В его сознание начнут просачиваться негромкие голоса, рассказывающие об ушедших временах. О тенях, живущих в непроходимой чаще. О колдовстве и странных тихих созданиях, его творящих... И этот тревожный шепот, смешиваясь с монотонным бормотанием дождя, будет странно волновать, пробираясь под кожу глубже и глубже, добираясь до самого сердца...
А ближе к полуночи, когда каждый нерв бессонного путника уже будет звенеть от непонятного напряжения, его обострившийся слух вдруг уловит шум ветра и принесенный ветром голос. Восхитительный по красоте и печальный до боли женский голос, доносящийся прямо с небес. "...элиэй, как сильно я любила..." Тихо-тихо... Свивающаяся мелодия из дождевых капель и проникающей в душу безысходной тоски. "...элиэй, любовь свою убила..." Так красиво, что забудется всё, кроме этого голоса... "...элиэй, и смерть его на плечи..." Так невыразимо печально... "...элиэй, мои легла навечно..." И сердце зайдется в предпоследнем вскрике, и прозрачные двойники осеннего дождя проложат себе тонкие дорожки на щеках путника... Вслушиваясь в эхо ускользающих фраз, он вдруг почувствует, как одиноко и больно этому далекому голосу, растворенному среди лесных теней. Он вдруг ясно поймет, что это чья-то заблудшая душа оглашает свое страдание в срывающемся плаче. Нечто ушедшее, но незримо пронизывающее каждую частичку, - дикая, сильная, изорванная в клочья душа, с невыносимо прекрасным голосом, полным невыплаканных слез... И в эту долгую дождливую ночь путник познает все оттенки её боли – ведь до самого рассвета она будет петь своему невольному слушателю о своей странной, горькой и навеки обреченной любви...

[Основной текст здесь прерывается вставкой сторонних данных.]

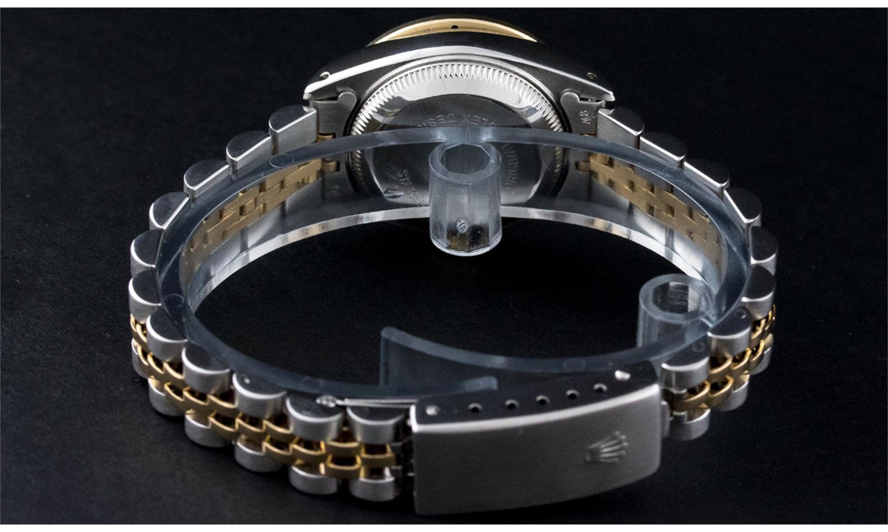 One Ladies Rolex Datejust Polished Bright with Satin Finish, Serviced & Electronically Tested, Stainless Steel Case:26mm, Yellow Gold Crown. Custom Bezel: 18K Yellow Gold Sapphire Beadset Bezel, Diamond Count: 28 Diamonds + 4 Sapphires, Total Weight 1.00 Carat, Clarity: SI-VS, Color: G to H. Custom Crystal: Synthetic Sapphire Cyclops Lens. Movement: Automatic Winding Movement Caliber 2030. Custom Dial: Refinished Blue MOP String Diamond Dial, Diamond Count: 43 Diamonds in Dial G To H In Color, Clarity: VVS. Date Window: 3 O'Clock Position Date Display, Non Quickset, Model: Datejust Condition: G-6 Extra Fine. Bracelet: Two Tone Yellow Gold and Stainless Steel Jubilee. Bright Polish & Satin Finish. 5.5 Inch Length, Adjustable. Standard Clasp, With Rolex Logo.

Ступни изранены об узлы корней... Ссадины кровоточат... Тело – одно сплошное истощение...
Она почувствовала его задолго до его появления. Задолго до того, как он, шатаясь, в кровь сдирая себе кожу об острые ветки, продрался, наконец, сквозь подлесок и вышел на едва заметную тропу к её дому. Остановился и немного постоял, словно с трудом веря, что бесконечные деревья больше не сдавливают его со всех сторон, не преграждают путь, а как будто даже расступаются перед ним... Измучен, очень измучен... Блуждает уже давно и совсем упал духом...
Она чувствовала, как он, с едва заметным облегчением, сразу затерявшимся, впрочем, среди безумной усталости, побрел по слегка утоптанным листьям в видневшийся неподалеку просвет между стволами.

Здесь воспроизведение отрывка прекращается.